> What you need to do
Begin with the line below holding "rèm trần che" and go on through the line holding "20年前的汽车价格表!放到今天,你能买起哪辆", duplicating each line exactly and leaving out pictures.

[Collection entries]
++++++++

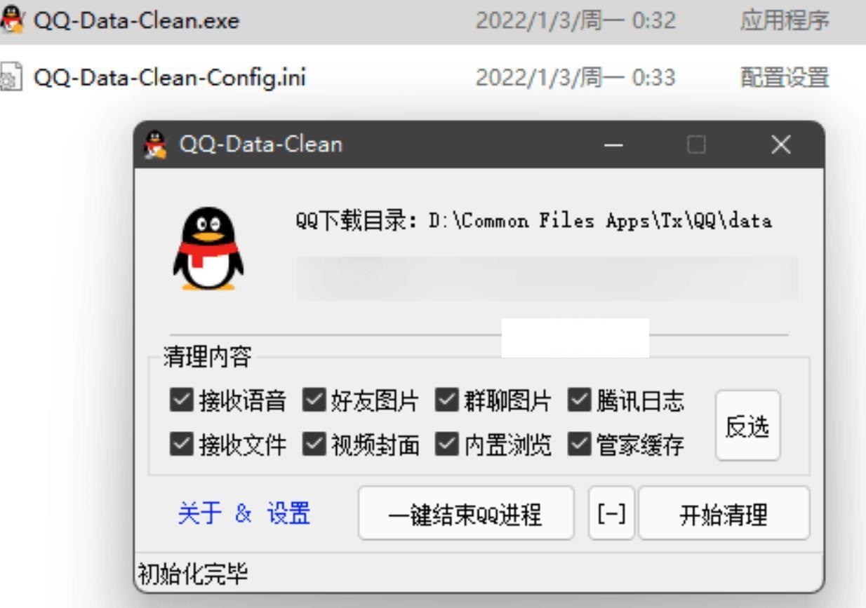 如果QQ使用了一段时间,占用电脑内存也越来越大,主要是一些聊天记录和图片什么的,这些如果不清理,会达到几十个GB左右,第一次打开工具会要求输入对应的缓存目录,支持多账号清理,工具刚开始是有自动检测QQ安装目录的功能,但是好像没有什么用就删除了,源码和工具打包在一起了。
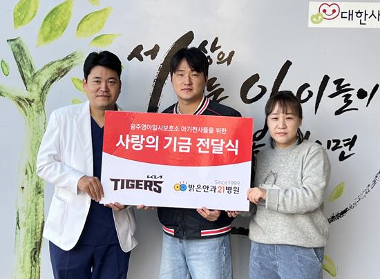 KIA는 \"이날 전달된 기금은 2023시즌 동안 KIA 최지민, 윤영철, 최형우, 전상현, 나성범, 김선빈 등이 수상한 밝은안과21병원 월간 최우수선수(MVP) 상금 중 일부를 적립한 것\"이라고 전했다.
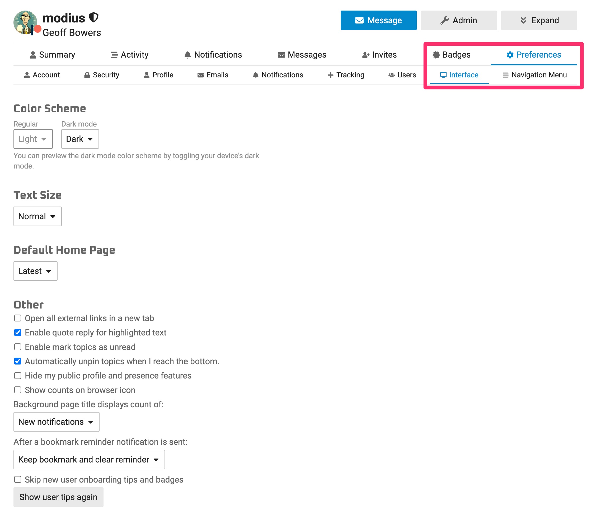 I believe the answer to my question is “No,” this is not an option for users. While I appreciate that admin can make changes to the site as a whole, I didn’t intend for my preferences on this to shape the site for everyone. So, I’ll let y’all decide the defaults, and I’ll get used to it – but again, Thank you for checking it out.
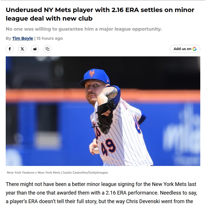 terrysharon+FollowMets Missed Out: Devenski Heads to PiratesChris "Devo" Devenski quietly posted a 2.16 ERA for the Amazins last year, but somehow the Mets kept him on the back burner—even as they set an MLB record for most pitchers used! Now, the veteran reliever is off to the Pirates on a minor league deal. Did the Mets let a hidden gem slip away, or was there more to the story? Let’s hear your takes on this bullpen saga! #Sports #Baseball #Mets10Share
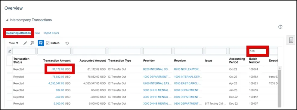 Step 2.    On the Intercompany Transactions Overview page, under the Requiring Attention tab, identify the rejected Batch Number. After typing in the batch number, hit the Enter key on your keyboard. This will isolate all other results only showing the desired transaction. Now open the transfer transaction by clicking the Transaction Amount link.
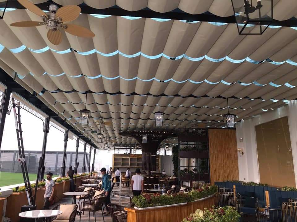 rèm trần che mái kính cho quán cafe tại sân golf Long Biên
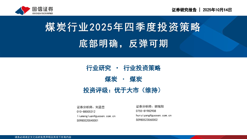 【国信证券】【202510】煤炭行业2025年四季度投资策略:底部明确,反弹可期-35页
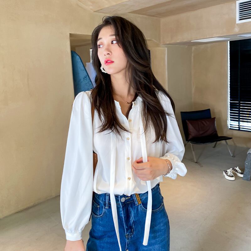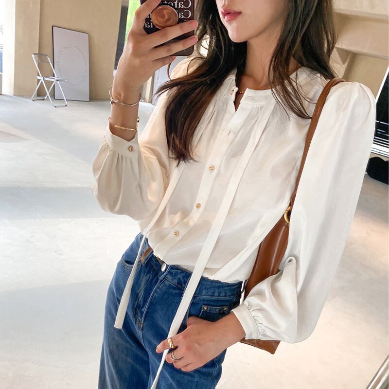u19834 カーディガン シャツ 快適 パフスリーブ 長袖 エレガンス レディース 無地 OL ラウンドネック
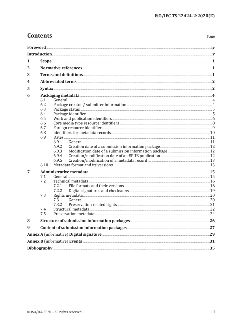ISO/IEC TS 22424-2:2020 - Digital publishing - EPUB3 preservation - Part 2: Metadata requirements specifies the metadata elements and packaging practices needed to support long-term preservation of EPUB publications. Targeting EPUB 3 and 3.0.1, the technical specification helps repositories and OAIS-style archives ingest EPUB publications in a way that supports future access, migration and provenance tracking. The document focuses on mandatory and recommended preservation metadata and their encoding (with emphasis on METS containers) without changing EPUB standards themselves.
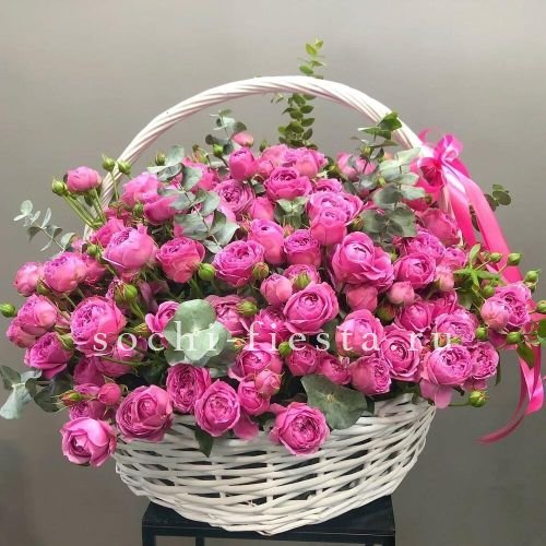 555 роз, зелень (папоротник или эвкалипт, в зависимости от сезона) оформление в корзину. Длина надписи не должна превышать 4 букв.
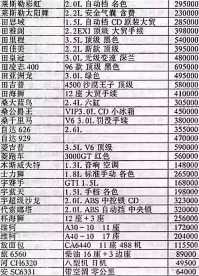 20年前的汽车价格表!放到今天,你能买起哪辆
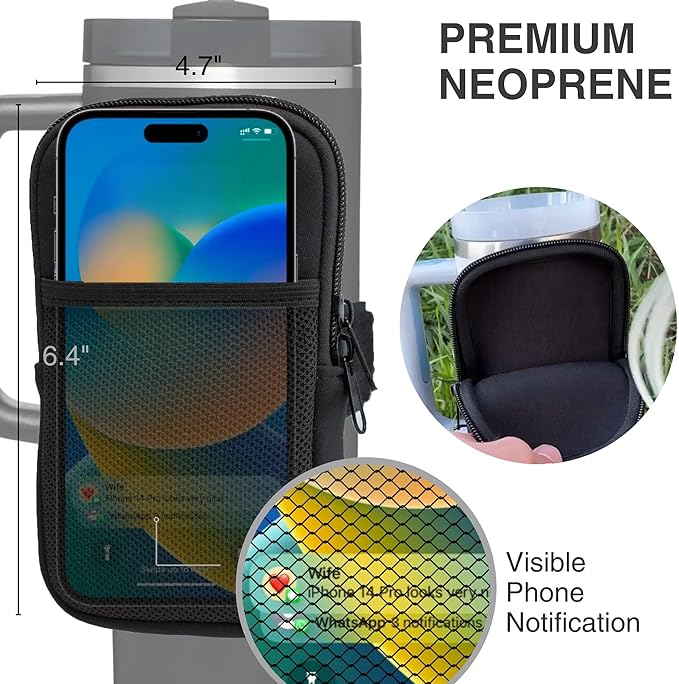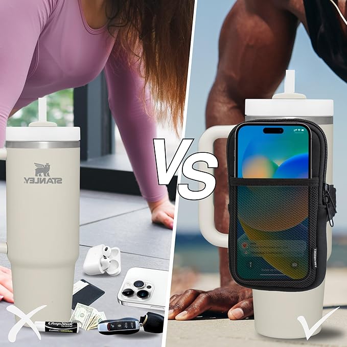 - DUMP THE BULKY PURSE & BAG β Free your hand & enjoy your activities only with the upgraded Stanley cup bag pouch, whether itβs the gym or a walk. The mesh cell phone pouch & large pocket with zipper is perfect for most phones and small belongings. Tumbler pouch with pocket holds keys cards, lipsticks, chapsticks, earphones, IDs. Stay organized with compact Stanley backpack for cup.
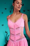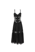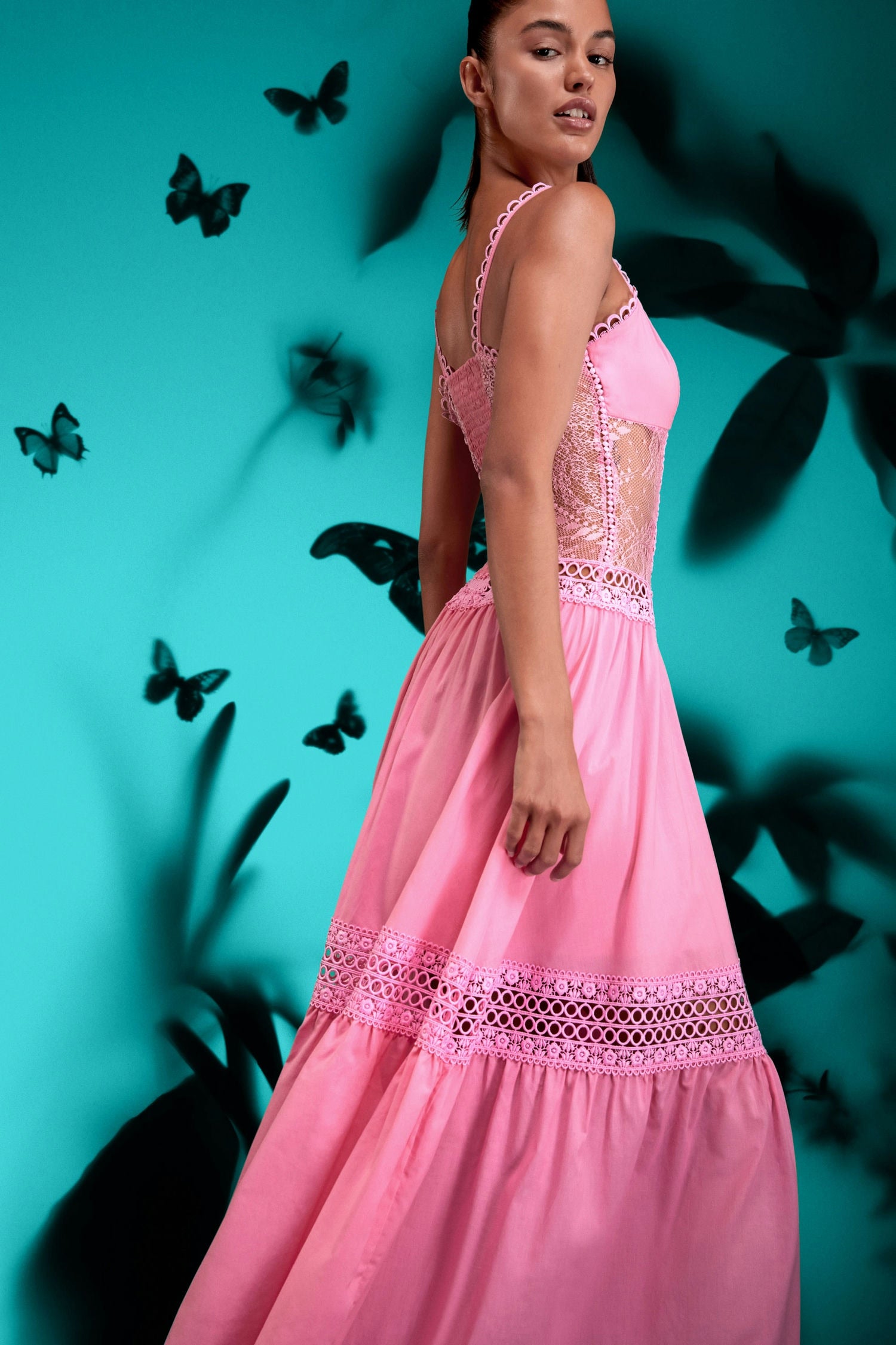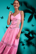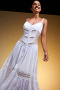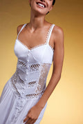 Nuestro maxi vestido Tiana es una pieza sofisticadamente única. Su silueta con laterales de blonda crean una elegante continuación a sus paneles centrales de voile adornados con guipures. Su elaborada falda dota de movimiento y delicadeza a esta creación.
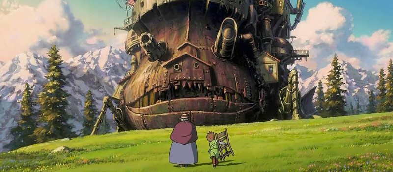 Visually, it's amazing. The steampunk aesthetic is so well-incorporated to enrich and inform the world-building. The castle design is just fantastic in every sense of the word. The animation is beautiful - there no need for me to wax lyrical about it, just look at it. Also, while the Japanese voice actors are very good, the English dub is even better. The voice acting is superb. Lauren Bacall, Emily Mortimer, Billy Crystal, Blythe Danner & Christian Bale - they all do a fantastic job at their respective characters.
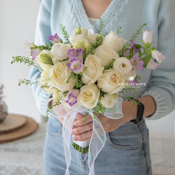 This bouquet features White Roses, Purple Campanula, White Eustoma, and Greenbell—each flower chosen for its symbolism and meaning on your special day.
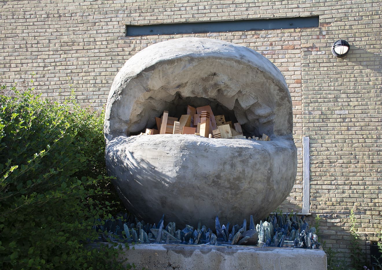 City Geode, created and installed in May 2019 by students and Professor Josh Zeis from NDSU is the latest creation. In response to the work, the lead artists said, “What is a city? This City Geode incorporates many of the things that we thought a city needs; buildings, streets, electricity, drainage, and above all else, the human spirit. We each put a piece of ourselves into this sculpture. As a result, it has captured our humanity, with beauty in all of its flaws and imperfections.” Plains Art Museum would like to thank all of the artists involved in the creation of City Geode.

++++++++

> Response to this exercise
 rèm trần che mái kính cho quán cafe tại sân golf Long Biên
 【国信证券】【202510】煤炭行业2025年四季度投资策略:底部明确,反弹可期-35页
u19834 カーディガン シャツ 快適 パフスリーブ 長袖 エレガンス レディース 無地 OL ラウンドネック
ISO/IEC TS 22424-2:2020 - Digital publishing - EPUB3 preservation - Part 2: Metadata requirements specifies the metadata elements and packaging practices needed to support long-term preservation of EPUB publications. Targeting EPUB 3 and 3.0.1, the technical specification helps repositories and OAIS-style archives ingest EPUB publications in a way that supports future access, migration and provenance tracking. The document focuses on mandatory and recommended preservation metadata and their encoding (with emphasis on METS containers) without changing EPUB standards themselves.
 555 роз, зелень (папоротник или эвкалипт, в зависимости от сезона) оформление в корзину. Длина надписи не должна превышать 4 букв.
 20年前的汽车价格表!放到今天,你能买起哪辆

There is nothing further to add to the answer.